Here are some of the things the animal is credited with being able to do with the trunk: pick up a pin from the ground, select and secure a single tussock of appetizing herbage, uncork a wine bottle, untie a slip knot, unbolt a gate, throw up and catch a baseball, pull the trigger to fire a gun, ring a bell.
A female elephant owned by the Duke of Devonshire in the 1880’s was allowed almost a free range over the park of his estate. She made herself useful by sweeping the paths with a broom and by carrying a garden watering pot. Her most celebrated achievement was that of opening a tightly corked wine bottle. She would hold it against the ground at about a 45 degree angle with one of her front feet and gradually twist out the cork—barely protruding above the neck of the bottle—with her trunk. After emptying the contents into her mouth she would hand the empty bottle to her keeper.
Fiendish Vampires of the Night
About the middle of the eighteenth century belief in vampirism spread like an epidemic across France and England. Dead men hellishly condemned to live forever came out of their sepulchres at midnight, took the forms of various animals, and feasted on the blood of the living (who, in turn, died and became vampires). This was a superstition which previously had been confined largely to Slavic countries. Its influence in France and England seems to have started with tales brought back from the New World by Spanish explorers of actual vampires—sinister, black-winged, fiend-faced flying mammals who actually fed on the blood of sleeping humans. Thenceforth the popular conception of a vampire was that of a large bat, hovering over the unsuspecting, eternally doomed sleeper.

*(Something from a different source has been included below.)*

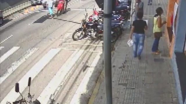 Um vídeo registrado por uma câmera de segurança na região mostrou quando a idosa tentava atravessar a rua, pouco antes de uma faixa de pedestres, e acaba atingida pela moto. Conforme a PM, o sinal estava aberto no momento do acidente.

The stories doubtless were greatly ornamented and exaggerated. However, the vampire bat of the American tropics is a gruesome reality. It is now known to be a carrier of the rabies virus.
It is a small, brown bat condemned by nature to live exclusively on blood. Its throat is too small to swallow solid particles. Its stomach is especially adapted for rapid digestion. It feasts on all sorts of mammals, including man, and the incisions of its razor-sharp teeth are so nearly painless that a sleeper seldom is awakened. Supposedly it always bites man on the bottoms of the toes.
The loathsome little creature does not actually suck blood, as long was supposed. Instead, according to observers, it laps up blood with its tongue. Its saliva is believed to contain an anti-coagulant which keeps a wound bleeding for hours. From 20 to 25 minutes is required for a meal, during which the animal gorges itself until its body becomes spherical.
“We slept so soundly”, records an Amazon explorer, “it was not until morning we discovered that we had been raided during the night by vampire bats and the whole party was covered with blood stains from the many bites. It may seem unreasonable to the uninitiated that we could have been thus bitten and not disturbed in our sleep but the fact remains that there is no pain produced at the time of the bite, nor for several hours afterwards.”
It feeds only at night Like most New World tropical bats, it sleeps during the day in the total darkness of caverns where it hangs in clusters from the ceilings. Such a bat cave, about as gruesome a place as could be found on earth, was explored a few years ago by Dr. Raymond L. Ditmars of the American Museum of Natural History. This cave, which the bats shared with scorpions who had wing spreads of five inches, was found in the Chagras Valley of Panama.
The mammal has a strikingly spider-like appearance. Probably alone among bats it can walk as a quadruped, using its wings as front feet. That, of course, is what they were originally before the grotesque creatures invaded the air.